Entries taken from a collection
[Start of Attachment]

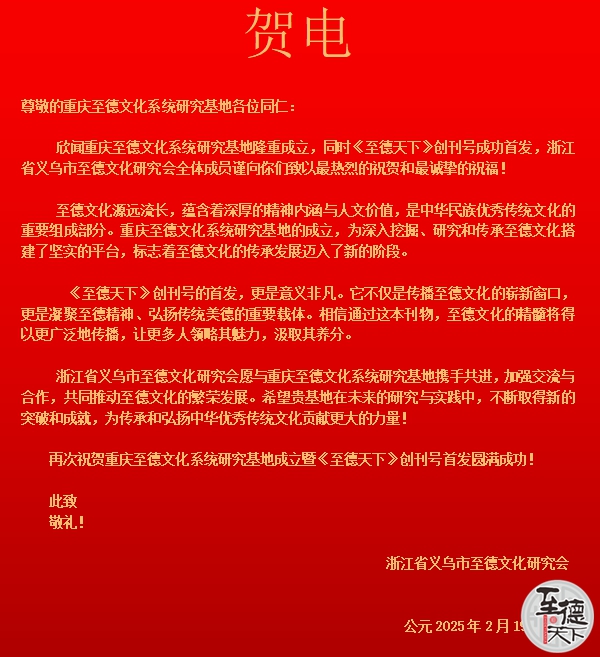 浙江省义乌市至德文化研究会致重庆至德文化系统研究基地贺电
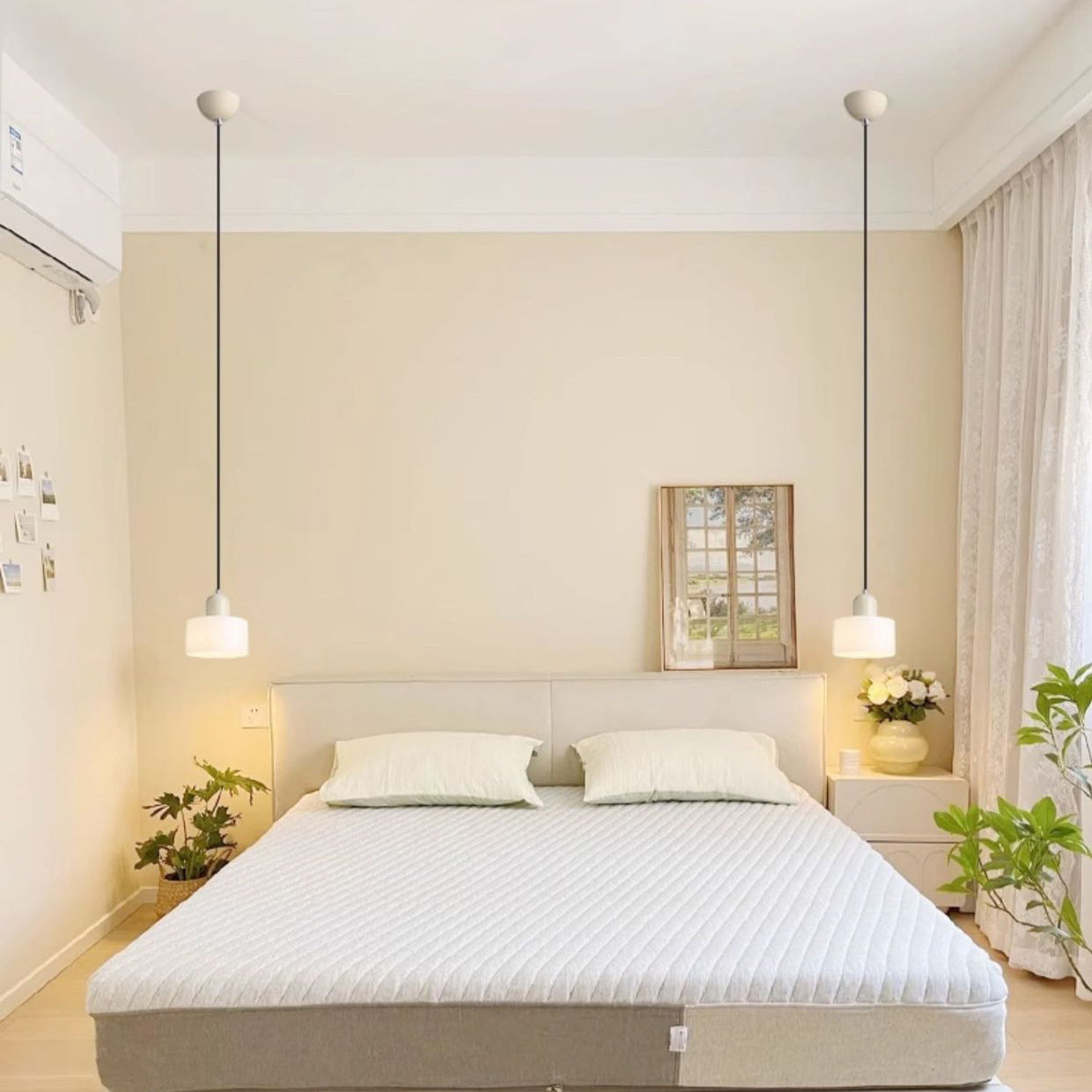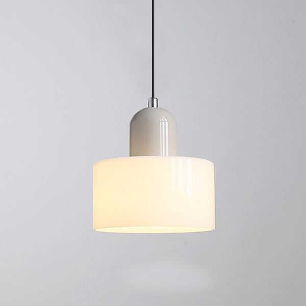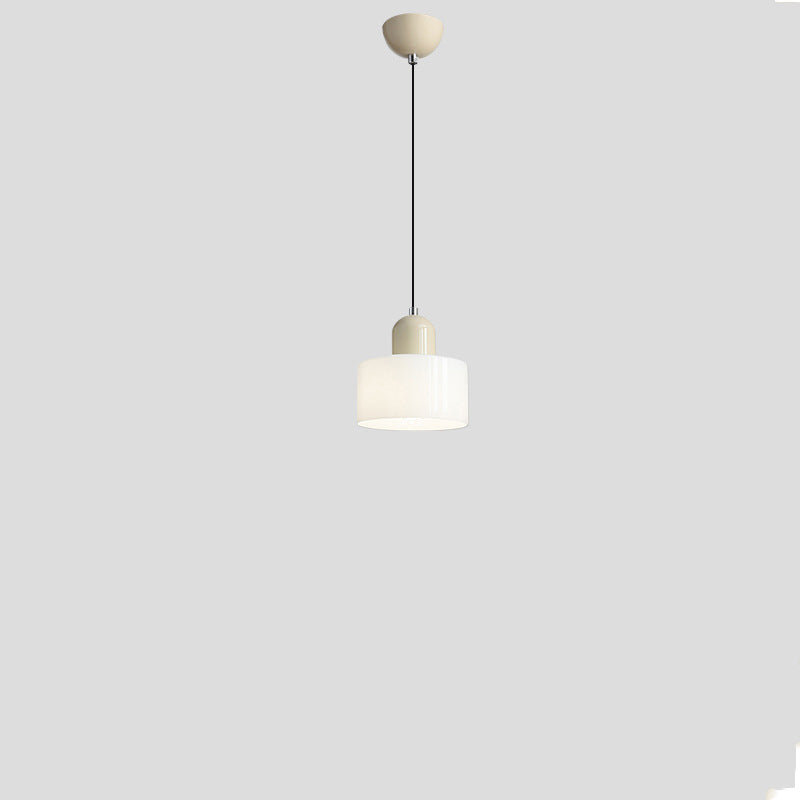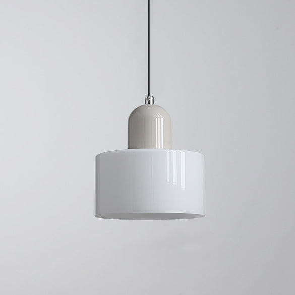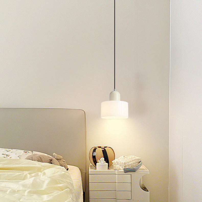 Modern Minimalist Round Cylinder Iron Glass 1-Light Pendant Light For Bedroom
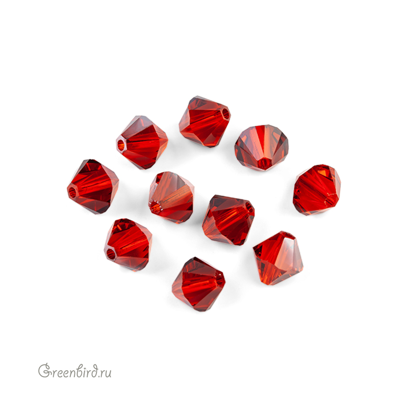 Компонент для бижутерии Swarovski – бусины-биконусы (Swarovski Биконусы). Размер: 6 мм, отверстие: 0,9 мм, цвет: Light Siam Satin (#227SAT). Производство: Австрия. Цена указана за 10 шт.
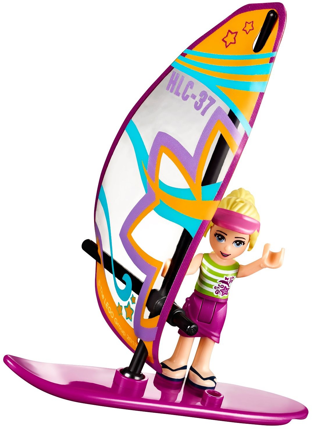 Open the door to Stephanie’s Beach House! Stephanie and Kate have come here for the weekend. Take Kate up to the terrace while Stephanie heads out on the windsurfer. Later, it’s time to watch some TV, listen to the latest hits on the radio and prepare dinner in the kitchen. Convert the sofa into a bed and get ready for a cozy night in – and lots more adventures tomorrow! Includes Stephanie and Kate mini-doll figures.
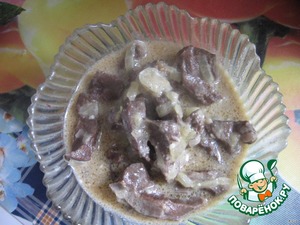 Режем тоненькими длинными полосочками. Складываем в кастрюльку с разогретым раст. маслом и немного обжариваем. Доливаем водичку, чтобы покрыла мясо и тушим почти до готовности.
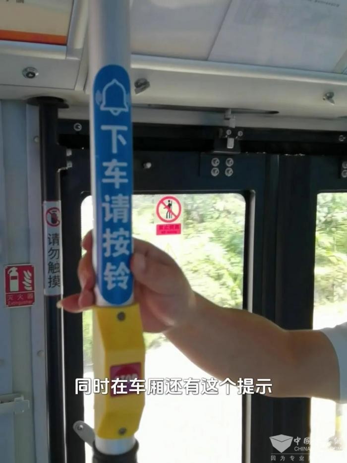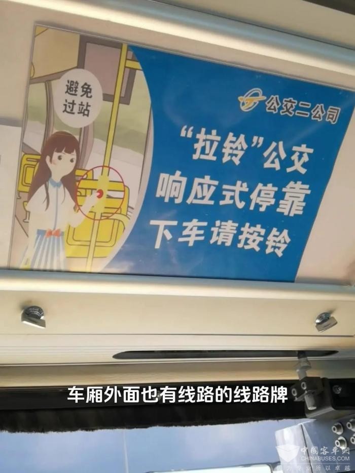 此外,为了确保信息的显眼性,公交车辆的多个关键位置,包括立柱、车门玻璃和车厢内广告栏等处,都张贴了醒目的标识,告知乘客如何通过按铃来指示下车需求。
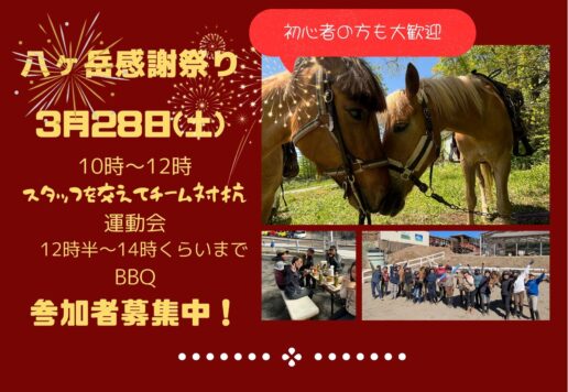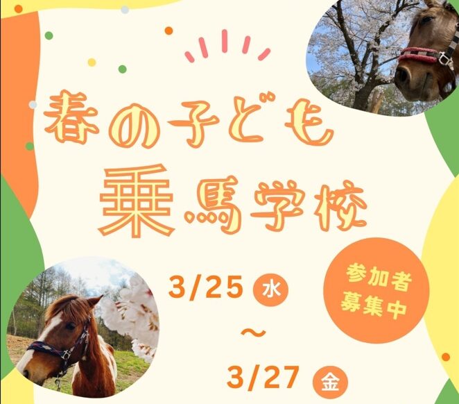2026年3月25日(水)~3月27日(金) 子ども乗馬学校 受付開始 2026年12月25日からになります。 ご参加ご希望の方メールまたはお申込フォームより受付いたします。 大変ご好評いただいております為お早めにお申...
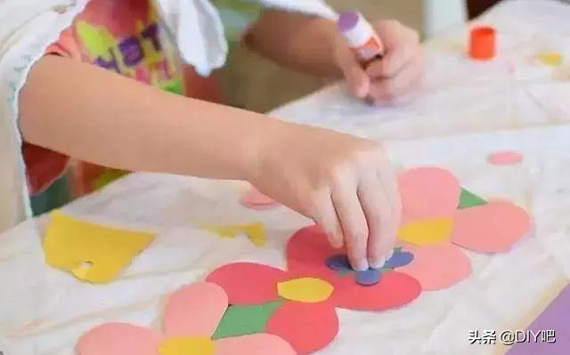 把花瓣和花蕊、绿叶粘在一起,组成完整的花朵
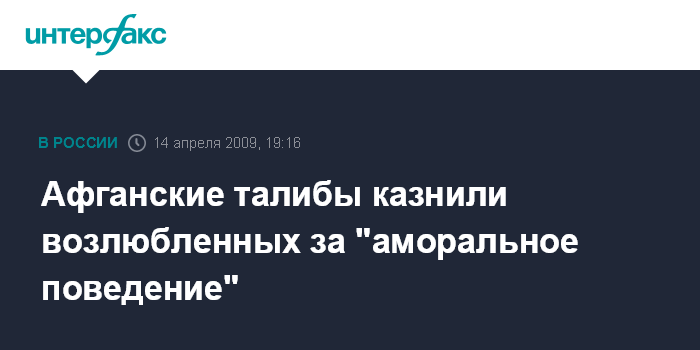 Дели. 14 апреля. INTERFAX.RU - Боевики движения "Талибан" в юго-западной афганской провинции Нимроз казнили молодую пару, пытавшуюся тайно сбежать из родной деревни, сообщает во вторник индийская газета "Таймс оф Индиа" со ссылкой на сообщение представителей местных властей.
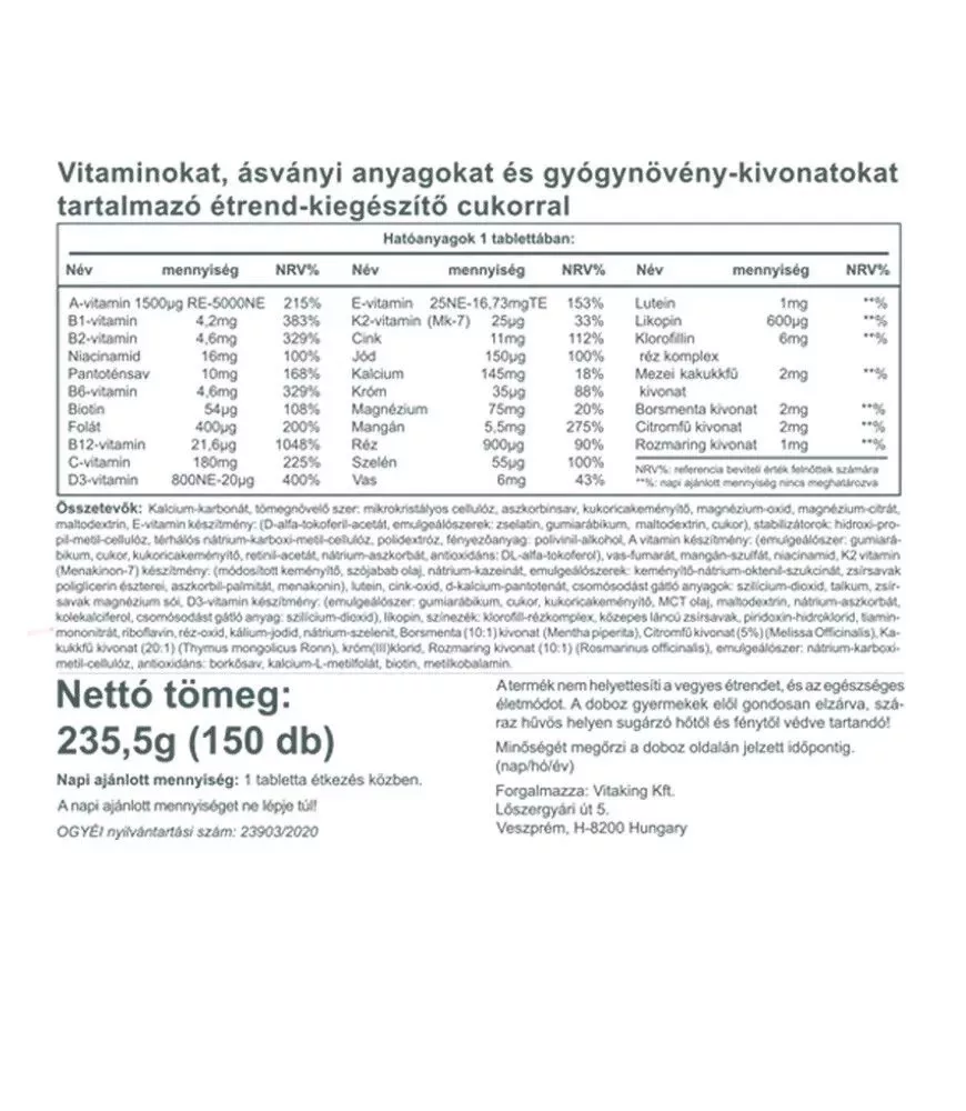 Vitaking Daily One Multivitamin 150 Tabletta

[End of Attachment]

## Problem to work on
Put down exactly the lines of the data above that run from its first line through the line bearing "Дели. 14 апреля.", and no pictures.

## The completed task
 浙江省义乌市至德文化研究会致重庆至德文化系统研究基地贺电
 Modern Minimalist Round Cylinder Iron Glass 1-Light Pendant Light For Bedroom
 Компонент для бижутерии Swarovski – бусины-биконусы (Swarovski Биконусы). Размер: 6 мм, отверстие: 0,9 мм, цвет: Light Siam Satin (#227SAT). Производство: Австрия. Цена указана за 10 шт.
 Open the door to Stephanie’s Beach House! Stephanie and Kate have come here for the weekend. Take Kate up to the terrace while Stephanie heads out on the windsurfer. Later, it’s time to watch some TV, listen to the latest hits on the radio and prepare dinner in the kitchen. Convert the sofa into a bed and get ready for a cozy night in – and lots more adventures tomorrow! Includes Stephanie and Kate mini-doll figures.
 Режем тоненькими длинными полосочками. Складываем в кастрюльку с разогретым раст. маслом и немного обжариваем. Доливаем водичку, чтобы покрыла мясо и тушим почти до готовности.
 此外,为了确保信息的显眼性,公交车辆的多个关键位置,包括立柱、车门玻璃和车厢内广告栏等处,都张贴了醒目的标识,告知乘客如何通过按铃来指示下车需求。
2026年3月25日(水)~3月27日(金) 子ども乗馬学校 受付開始 2026年12月25日からになります。 ご参加ご希望の方メールまたはお申込フォームより受付いたします。 大変ご好評いただいております為お早めにお申...
 把花瓣和花蕊、绿叶粘在一起,组成完整的花朵
 Дели. 14 апреля. INTERFAX.RU - Боевики движения "Талибан" в юго-западной афганской провинции Нимроз казнили молодую пару, пытавшуюся тайно сбежать из родной деревни, сообщает во вторник индийская газета "Таймс оф Индиа" со ссылкой на сообщение представителей местных властей.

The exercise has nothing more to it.